**ASSIGNED TASK**
The records below are to be restated word for word, with every picture left out.

**DATA LISTING**
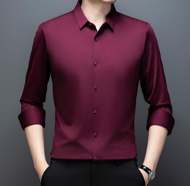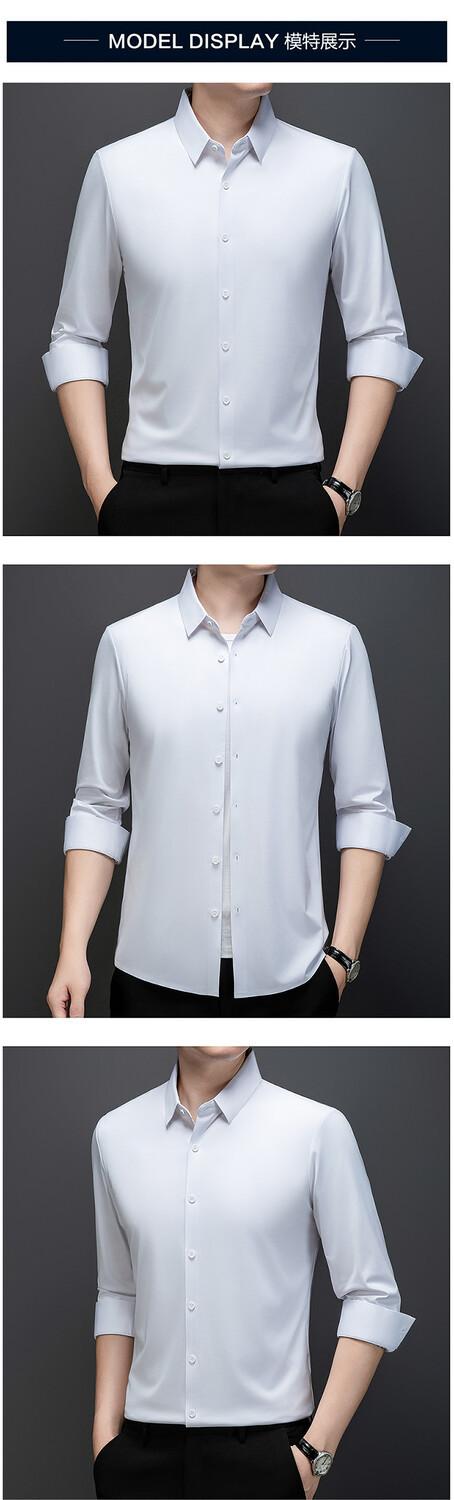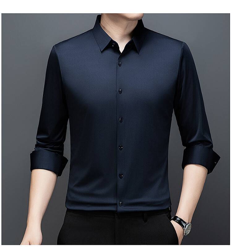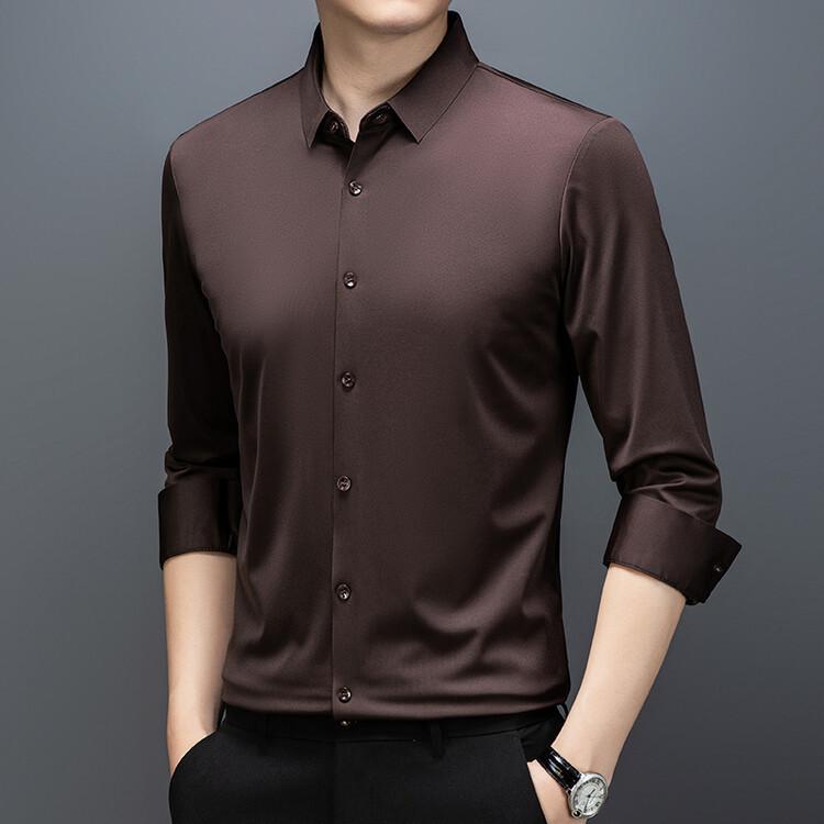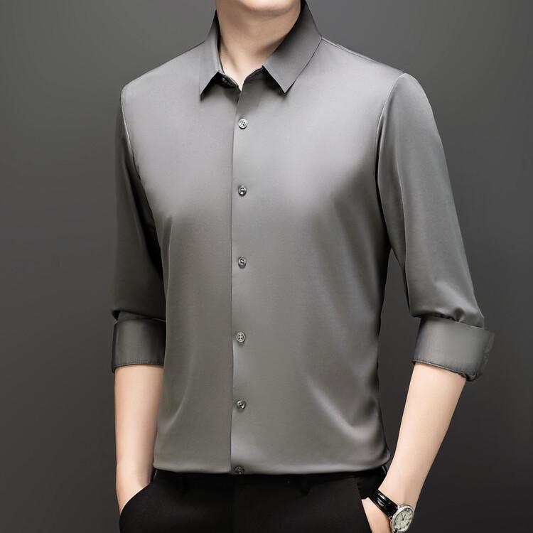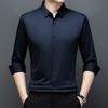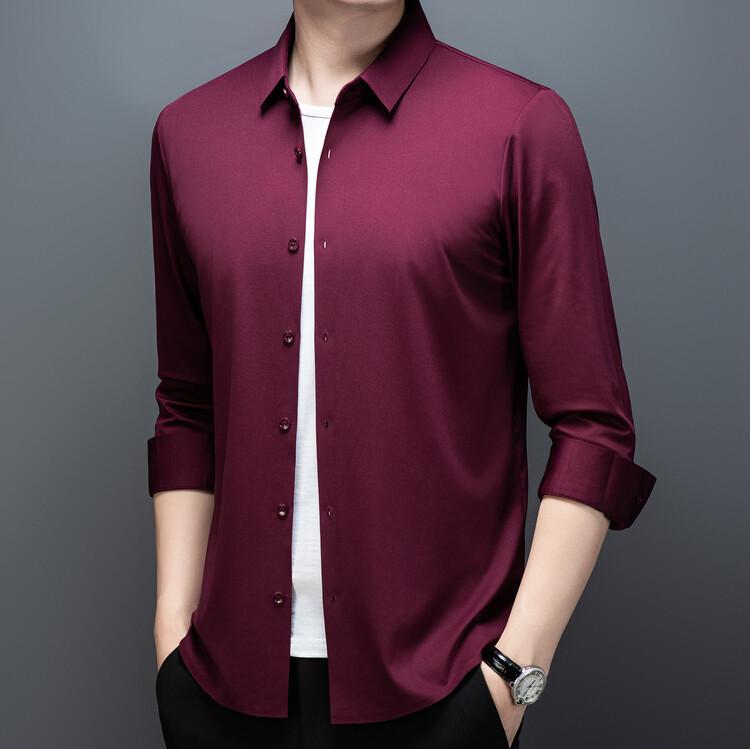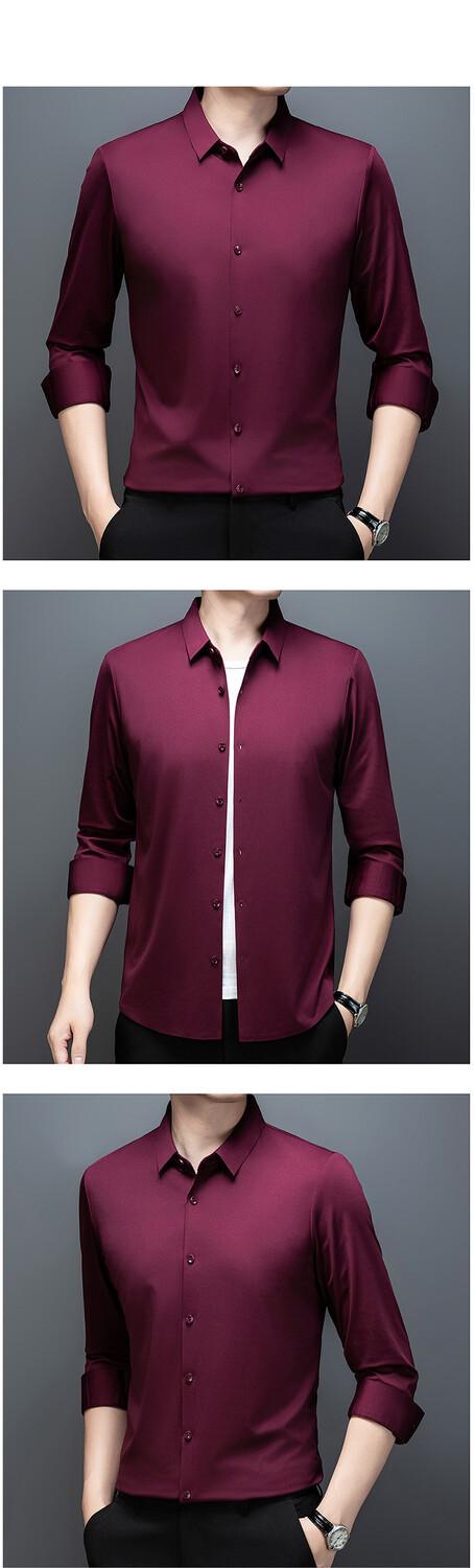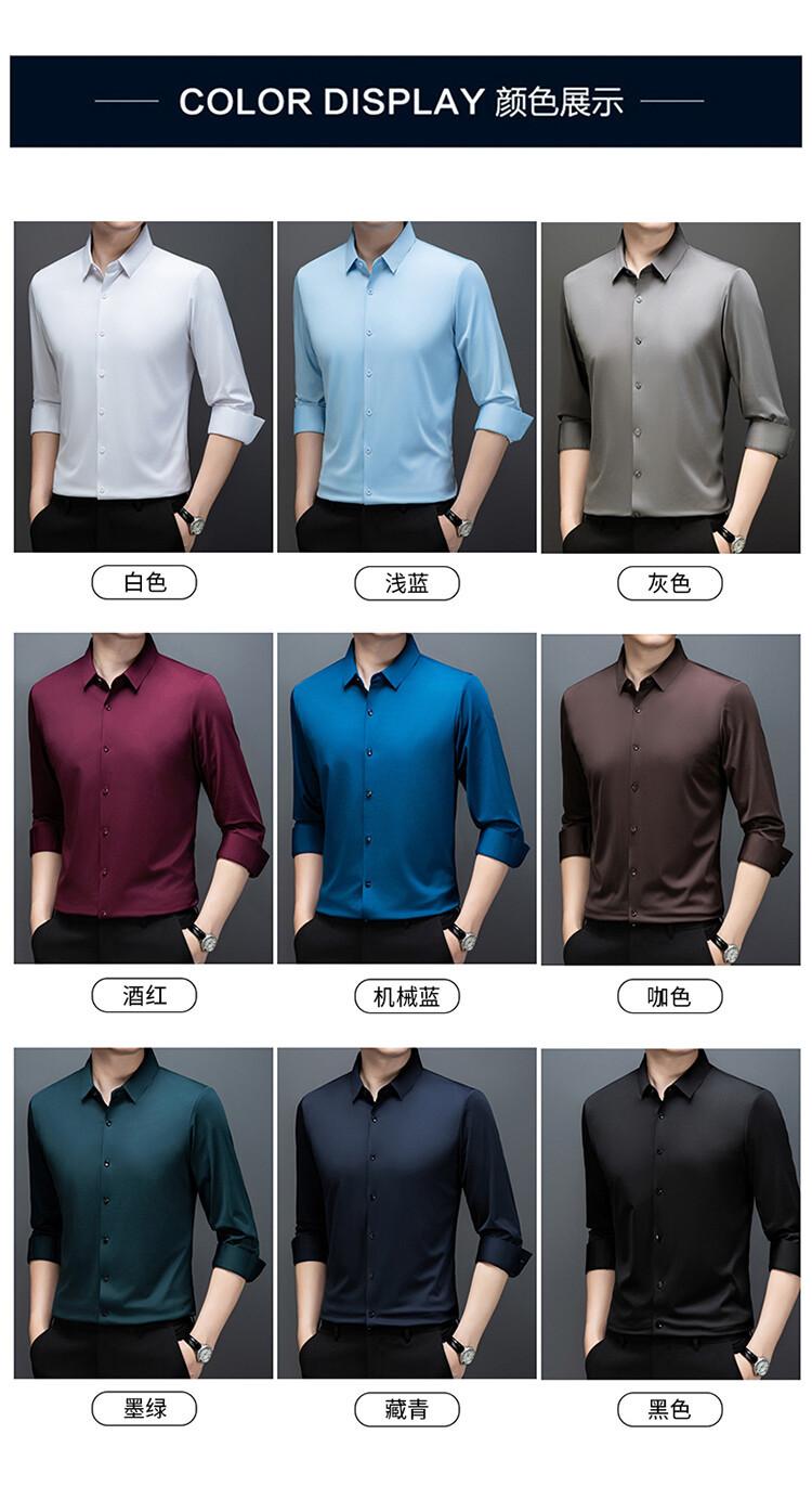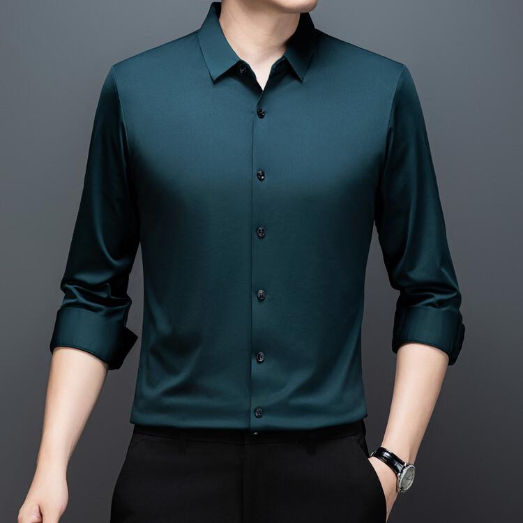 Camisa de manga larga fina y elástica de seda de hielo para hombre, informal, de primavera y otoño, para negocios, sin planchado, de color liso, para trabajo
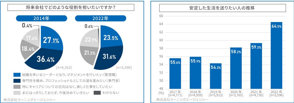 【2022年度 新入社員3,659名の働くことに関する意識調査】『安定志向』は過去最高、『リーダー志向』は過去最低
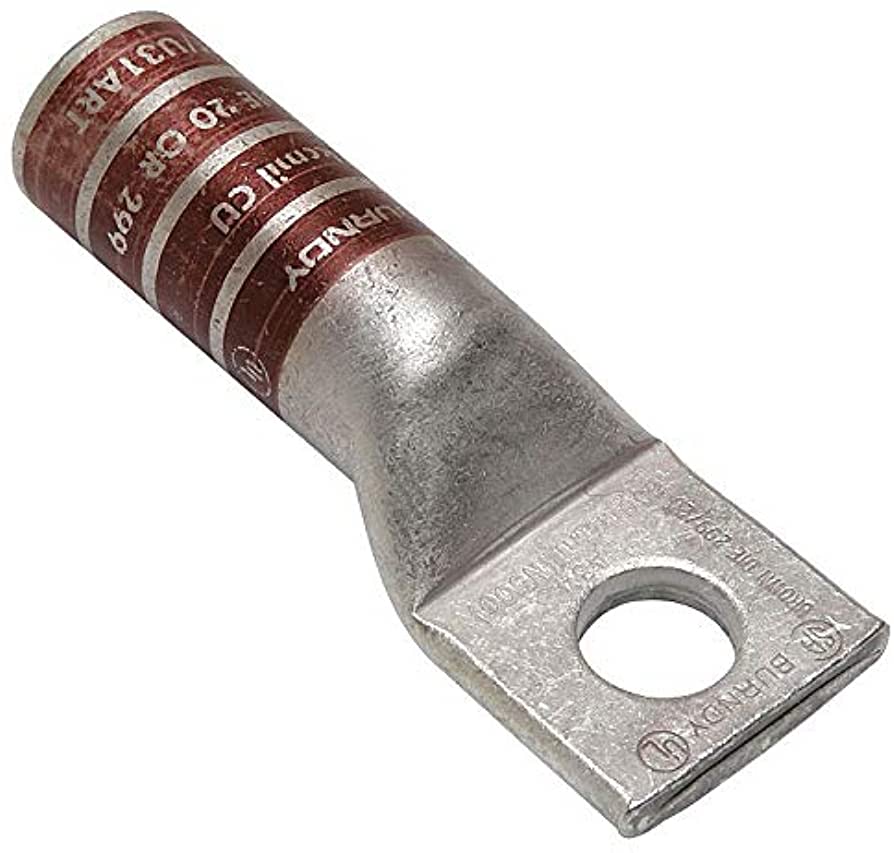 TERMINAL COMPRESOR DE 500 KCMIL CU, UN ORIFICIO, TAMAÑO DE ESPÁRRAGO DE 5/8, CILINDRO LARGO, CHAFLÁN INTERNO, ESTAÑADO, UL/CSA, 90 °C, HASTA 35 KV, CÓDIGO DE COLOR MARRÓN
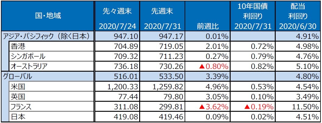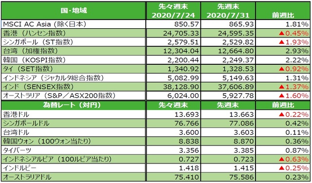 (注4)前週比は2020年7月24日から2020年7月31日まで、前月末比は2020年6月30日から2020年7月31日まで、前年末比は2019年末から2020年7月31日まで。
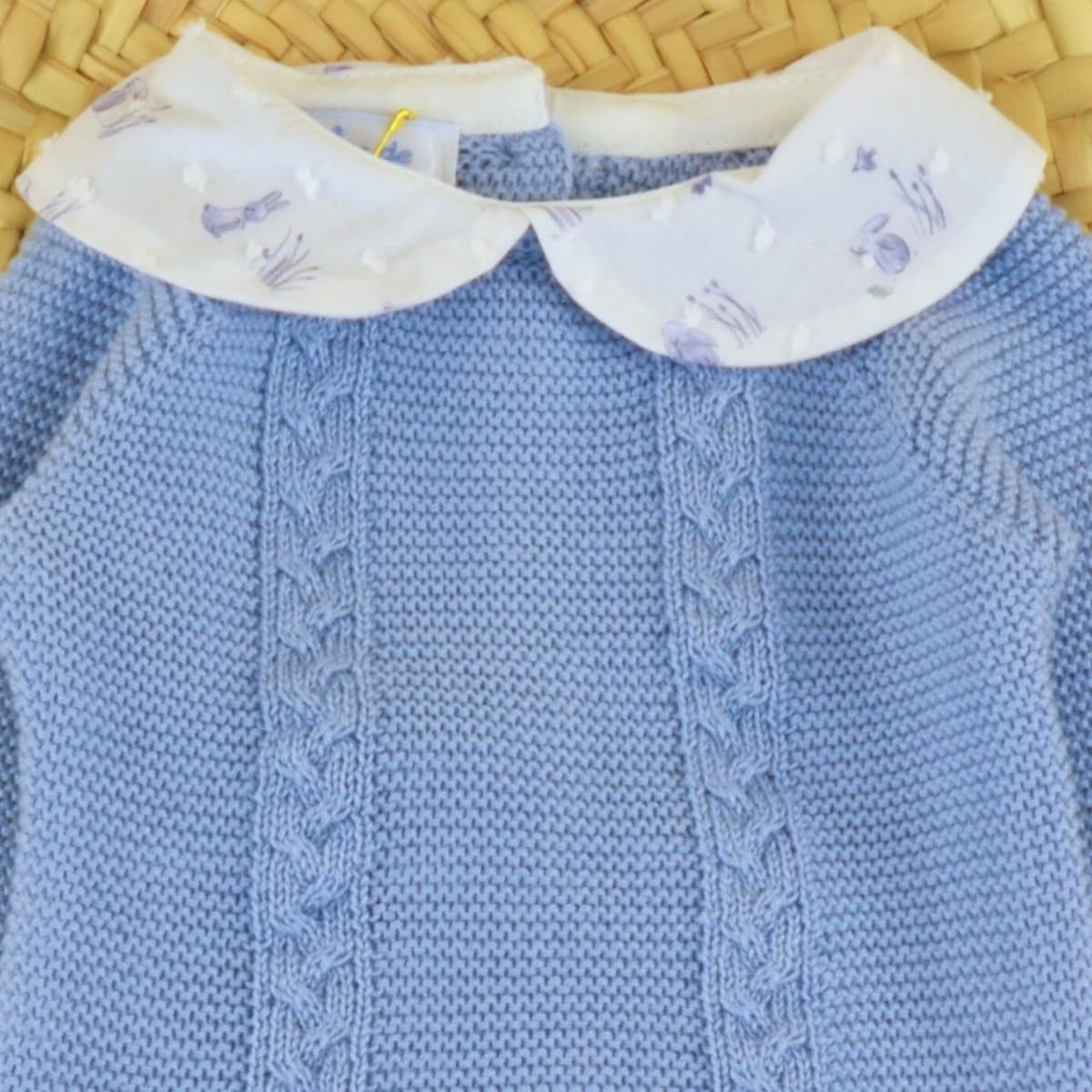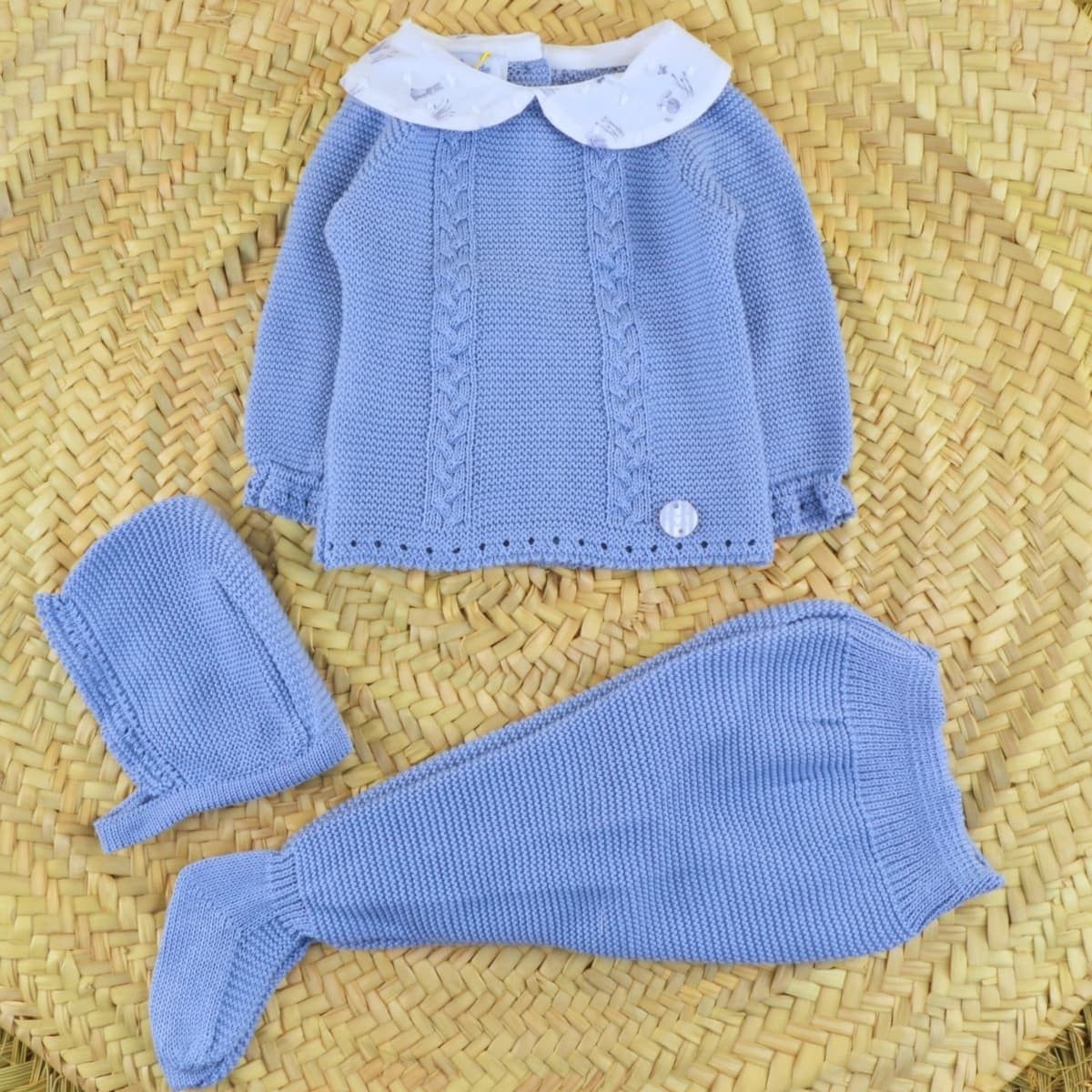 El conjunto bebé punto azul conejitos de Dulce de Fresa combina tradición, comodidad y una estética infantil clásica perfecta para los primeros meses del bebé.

**THE COMPLETED TASK**
 Camisa de manga larga fina y elástica de seda de hielo para hombre, informal, de primavera y otoño, para negocios, sin planchado, de color liso, para trabajo
 【2022年度 新入社員3,659名の働くことに関する意識調査】『安定志向』は過去最高、『リーダー志向』は過去最低
 TERMINAL COMPRESOR DE 500 KCMIL CU, UN ORIFICIO, TAMAÑO DE ESPÁRRAGO DE 5/8, CILINDRO LARGO, CHAFLÁN INTERNO, ESTAÑADO, UL/CSA, 90 °C, HASTA 35 KV, CÓDIGO DE COLOR MARRÓN
 (注4)前週比は2020年7月24日から2020年7月31日まで、前月末比は2020年6月30日から2020年7月31日まで、前年末比は2019年末から2020年7月31日まで。
 El conjunto bebé punto azul conejitos de Dulce de Fresa combina tradición, comodidad y una estética infantil clásica perfecta para los primeros meses del bebé.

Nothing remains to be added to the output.